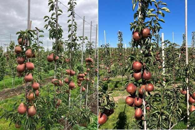 For now, Dutch red Alessia pears are being sold to large German supermarket suppliers and have been in those stores since this month. Kees says there is much interest in this more exclusive pear, especially around the holidays. His first harvest, averaging six kilograms per tree in the first year after planting as a three-year-old cutting tree, was above expectations, and he is well pleased with the pricing. "It's presently covering costs nicely," he concludes.
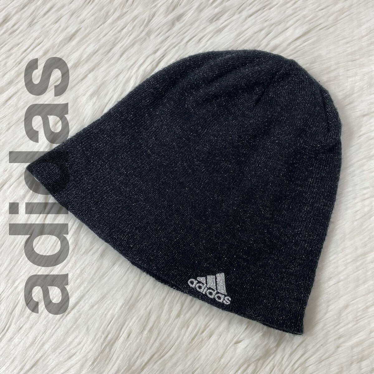 - adidas アディダス パフォーマンス ロゴ 刺繍 ラメ ニット帽 帽子 ブラック CP072
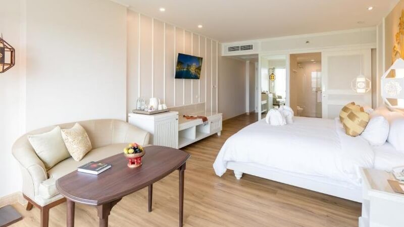 Very comfortable and recently renovated modern and traditional decor resort hotel next to river with amazing views and luxury facilities and services! Very nice corner suite room with Seekarte living and bedrooms, beautiful white large bathroom and huge balcony and breathtaking views of river, mountains and pool! Good breakfast buffet with nice outdoor seating. Very trendy and chic rooftop steak restaurant and chill-out lounge/bar with life piano music and cozy hip terrace! Nice large pool and sun deck and swimming-up bar! Thanks to khun Fon and Khun Break at pool bar service but thanks to all staff as they all amazingly friendly and helpful! We shall be back!
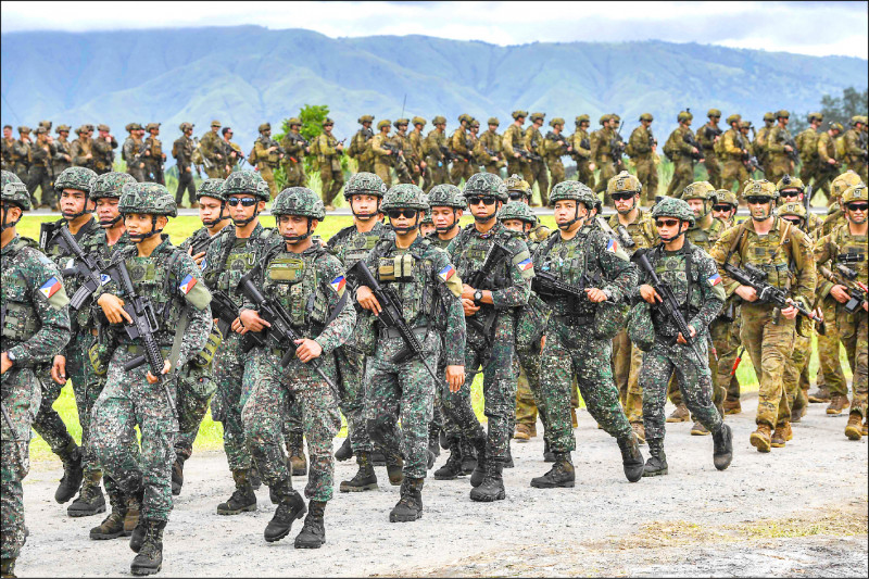 菲律賓武裝部隊和澳洲國防軍十四日至卅一日舉行兩國首次雙邊兩棲「波浪」演習,圖為參演士兵廿五日在菲國三描禮士省一處海軍基地行軍畫面。(法新社)
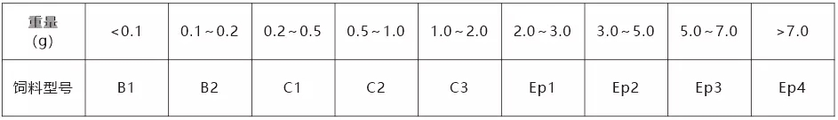 飼料適口性對石斑魚攝食及采食量產生很大影響,而飼料顆粒大小占飼料適口性很大一部分,在不同體重下對應飼料規格見下表。
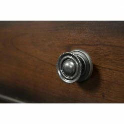 The Picket House Furnishings Kingsley 5-Drawer Chest is the perfect addition to your bedroom. This vertical chest comes with five, spacious drawers and one hidden drawer; perfect for neatly storing away your belongings. The top drawer is felt-lined, protecting your more valuable belongings. Raised panels and dark silver drawer knobs complete the fronts of the drawers. This chest of drawers in finished in a warm walnut wit a cherry veneer, making this traditional piece a staple in your home year after year. Clean lines and bevel edges are present throughout, while the bun feet complete the look of this spectacular piece.
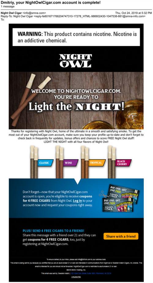 Email from Night Owl in October 2019 welcoming the recipient after they signed up on the brand website. Includes reminders to request coupons or send the offer to a friend. Has images of their flavor lineup.
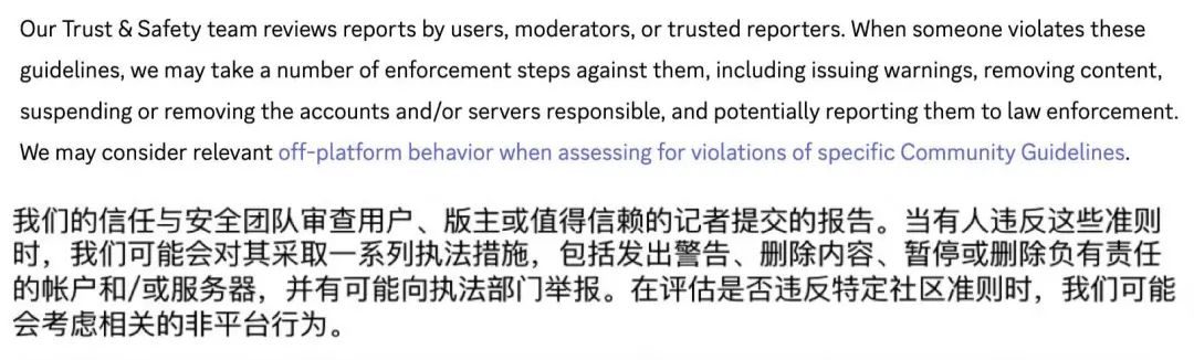Discord 的信任与安全团队,负责检查用户、版主或记者的报告,如果有人确实违反了社区准则,那就发出警告、删除内容、关停账号等,存在一定的被动性。

* * * * *

** PROBLEM STATEMENT **
Give again, exactly as written above, every line from the one holding "- adidas アディダス" to the one holding "Very comfortable and", with both ends kept and the pictures left out.

** SOLUTION TO THIS TASK **
 - adidas アディダス パフォーマンス ロゴ 刺繍 ラメ ニット帽 帽子 ブラック CP072
 Very comfortable and recently renovated modern and traditional decor resort hotel next to river with amazing views and luxury facilities and services! Very nice corner suite room with Seekarte living and bedrooms, beautiful white large bathroom and huge balcony and breathtaking views of river, mountains and pool! Good breakfast buffet with nice outdoor seating. Very trendy and chic rooftop steak restaurant and chill-out lounge/bar with life piano music and cozy hip terrace! Nice large pool and sun deck and swimming-up bar! Thanks to khun Fon and Khun Break at pool bar service but thanks to all staff as they all amazingly friendly and helpful! We shall be back!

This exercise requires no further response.